[Start of section]
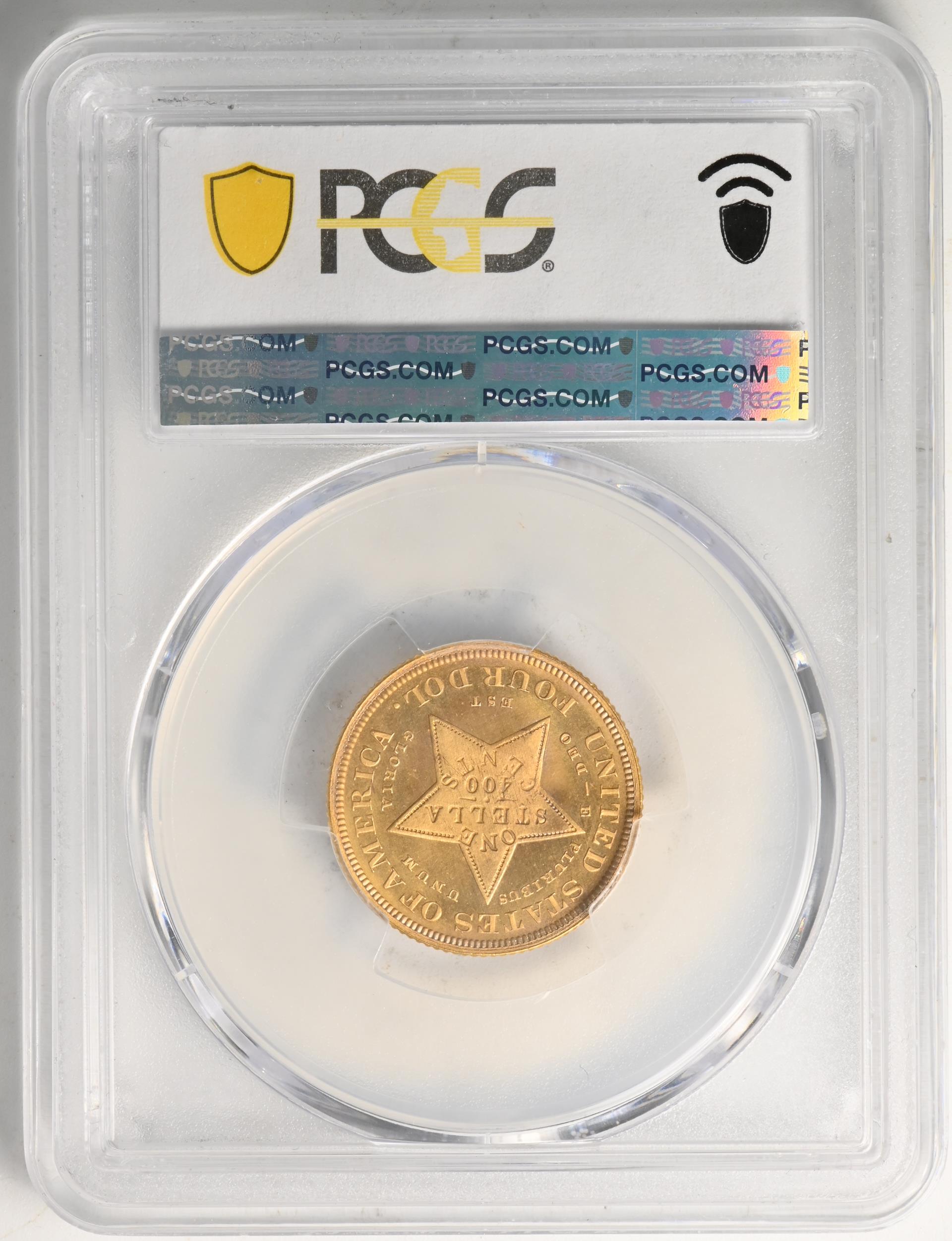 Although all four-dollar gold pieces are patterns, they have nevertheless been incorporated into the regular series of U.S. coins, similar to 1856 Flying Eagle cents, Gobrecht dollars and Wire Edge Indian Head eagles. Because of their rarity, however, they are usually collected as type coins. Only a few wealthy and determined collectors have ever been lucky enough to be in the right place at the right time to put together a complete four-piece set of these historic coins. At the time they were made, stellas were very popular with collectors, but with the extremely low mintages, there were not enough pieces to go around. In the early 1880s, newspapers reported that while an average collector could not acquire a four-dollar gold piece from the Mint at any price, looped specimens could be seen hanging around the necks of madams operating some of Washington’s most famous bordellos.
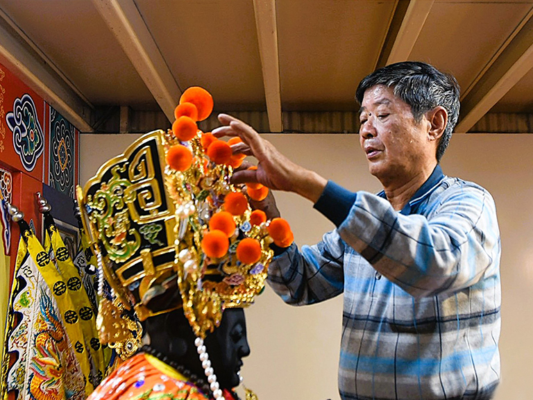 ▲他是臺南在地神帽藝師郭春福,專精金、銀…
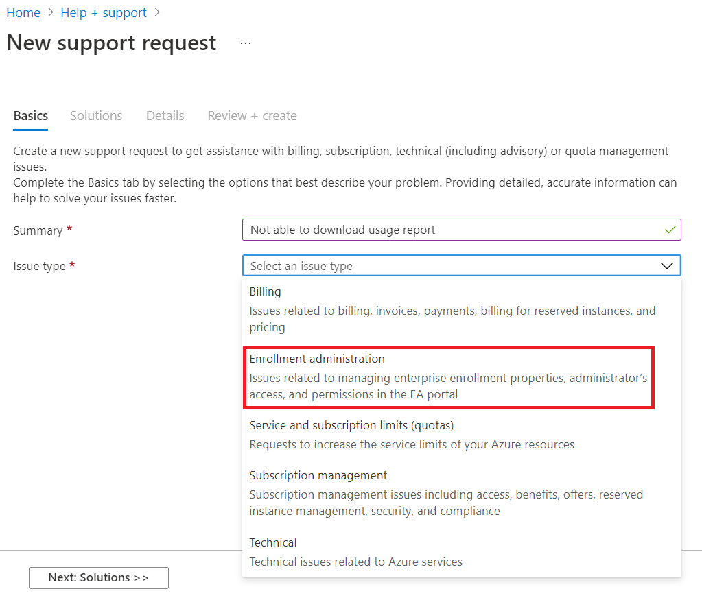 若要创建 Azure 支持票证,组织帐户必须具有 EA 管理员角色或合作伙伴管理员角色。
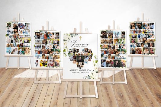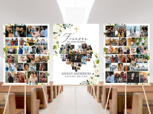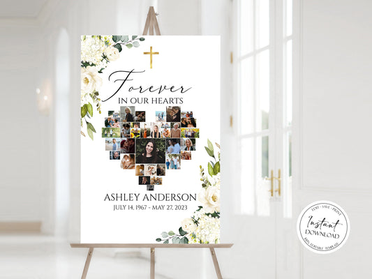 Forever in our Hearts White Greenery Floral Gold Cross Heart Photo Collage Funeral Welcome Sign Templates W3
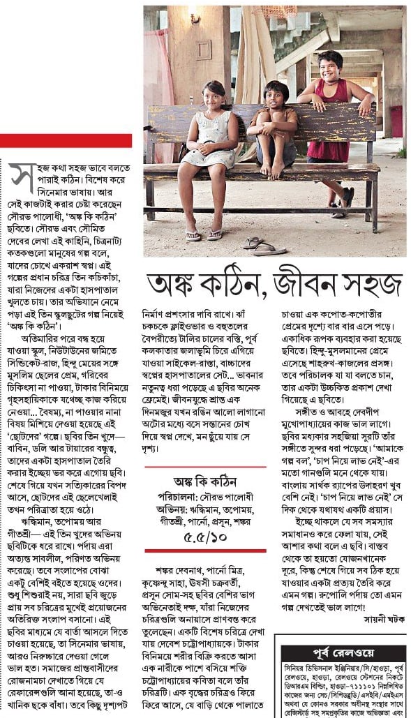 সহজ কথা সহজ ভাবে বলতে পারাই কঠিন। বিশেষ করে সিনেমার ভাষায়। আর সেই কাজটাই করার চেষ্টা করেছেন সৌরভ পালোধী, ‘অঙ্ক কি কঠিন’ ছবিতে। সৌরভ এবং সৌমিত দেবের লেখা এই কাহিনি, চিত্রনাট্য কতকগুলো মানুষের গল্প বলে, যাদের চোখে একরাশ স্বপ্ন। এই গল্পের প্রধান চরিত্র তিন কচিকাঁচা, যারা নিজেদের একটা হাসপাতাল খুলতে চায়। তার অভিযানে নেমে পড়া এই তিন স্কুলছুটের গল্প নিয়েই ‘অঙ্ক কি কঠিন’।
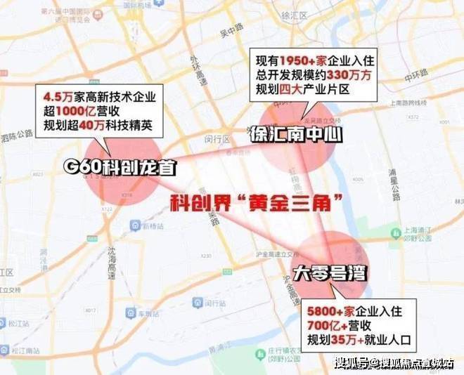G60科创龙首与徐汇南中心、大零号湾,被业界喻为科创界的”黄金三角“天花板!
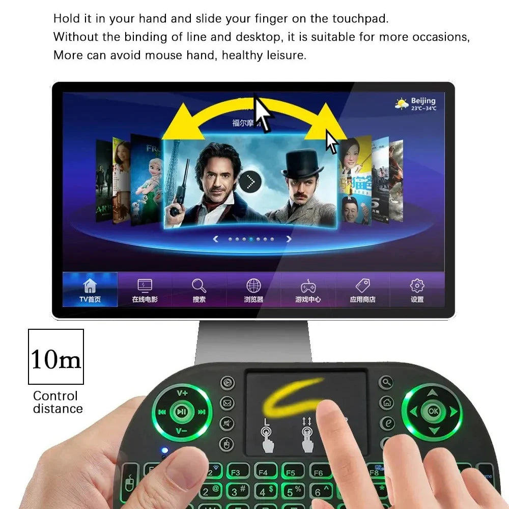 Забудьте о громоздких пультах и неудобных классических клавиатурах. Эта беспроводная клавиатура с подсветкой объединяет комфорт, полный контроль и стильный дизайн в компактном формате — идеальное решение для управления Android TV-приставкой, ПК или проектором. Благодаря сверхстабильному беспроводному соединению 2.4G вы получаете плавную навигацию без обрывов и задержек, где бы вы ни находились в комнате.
[End of section]
In the entries above, find the line containing "若要创建 Azure 支持票证,组织帐户必须具有 EA 管理员角色或合作伙伴管理员角色。" and the line containing "Forever in our"; give again exactly those two lines and every line between them, minus the pictures.

 若要创建 Azure 支持票证,组织帐户必须具有 EA 管理员角色或合作伙伴管理员角色。
 Forever in our Hearts White Greenery Floral Gold Cross Heart Photo Collage Funeral Welcome Sign Templates W3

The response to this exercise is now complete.